1. At our recent board meeting, several directors raised concerns about spending too many man hours (and dollars I must say) on accounting for future tax consequences. Their biggest argument was that as long as the tax man is happy and we are not cheating on our tax returns, then we are simply wasting money in accounting for temporary differences and deferred tax assets (DTAs) and deferred tax liabilities (DTLs) (which I must admit is a mystery to me). Do you have any problems if we do not account for the DTAs and DTLs and just account for the current tax liability?
2.Our company has recently entered into a long-term and a radical agreement with several of our retailers in Australia.
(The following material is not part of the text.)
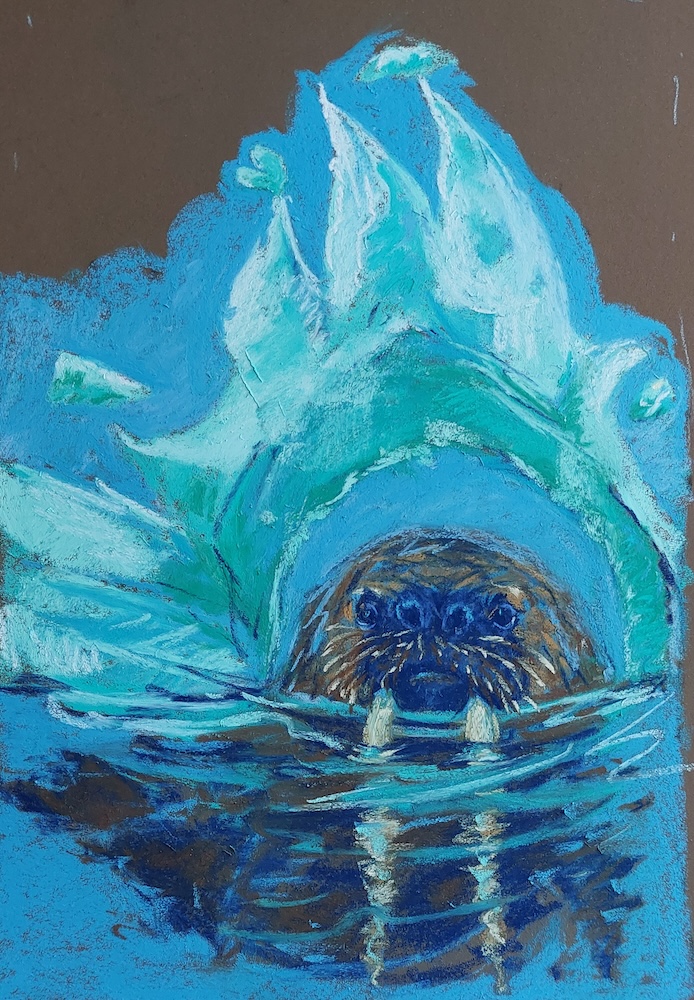 Nicolette van Dam, W. Walrus, 23 October 2023, Schmincke pastels on Canson Mi-Teintes Touch, 12 x 9 in. The Walrus and the Carpenter are said to represent some contemporary political figures of Carroll’s days. They tricked innocent young Oysters into coming with them and then they ate them. This makes it a story about encroachment and entitlement, but my Walrus is just innocently minding his own business in his preferred habitat.

Under the new agreement, at the start of every quarter, we will ship a variety of our products (suitable for that state and that time of the year) to our retailers. All retailers have agreed to set aside a section in their stores to exclusively display our products including the display windows at the front of the store. In return we have agreed to pay a fee to each store on a monthly basis for allowing us the access to this window space and space on the shop floor to advertise and sell our products. The average fee is around $600 per square meter, per store per month. At the end of the quarter, the store will return all the unsold products to us and we will send out a new shipment to prepare for the next quarter. The stores will also transfer the revenue from total sales to us after deducting the display fee noted above. The board unanimously agreed to recognize the sales revenue at the start of the quarter.
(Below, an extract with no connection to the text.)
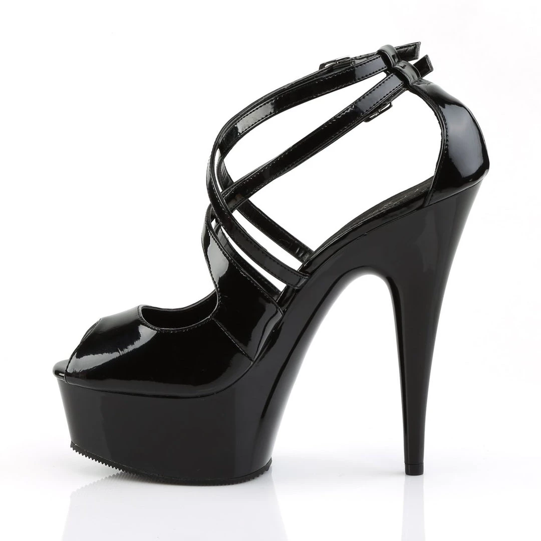 Sexy and Fashionable, these peep toe double criss-cross ankle strap sandals. The soft cushioning ensures a comfortable wear, while the front platform with 1.75 inch height balances the high 6 inch clear heels for added stability and style.

At the end of the quarter when the excess inventory is returned to us by the stores, we can always make the necessary adjustments i.e. reverse both the sales revenue and cost of sales as well the amount owed by the stores and the incoming inventory. After all, the net effect would be the actual sales of the period. The board also agreed that the fee we pay to the stores should not be recorded separately because that is the cost of doing business. So we will only record the net amount received as sales revenue. This should simplify matters, shouldn’t it?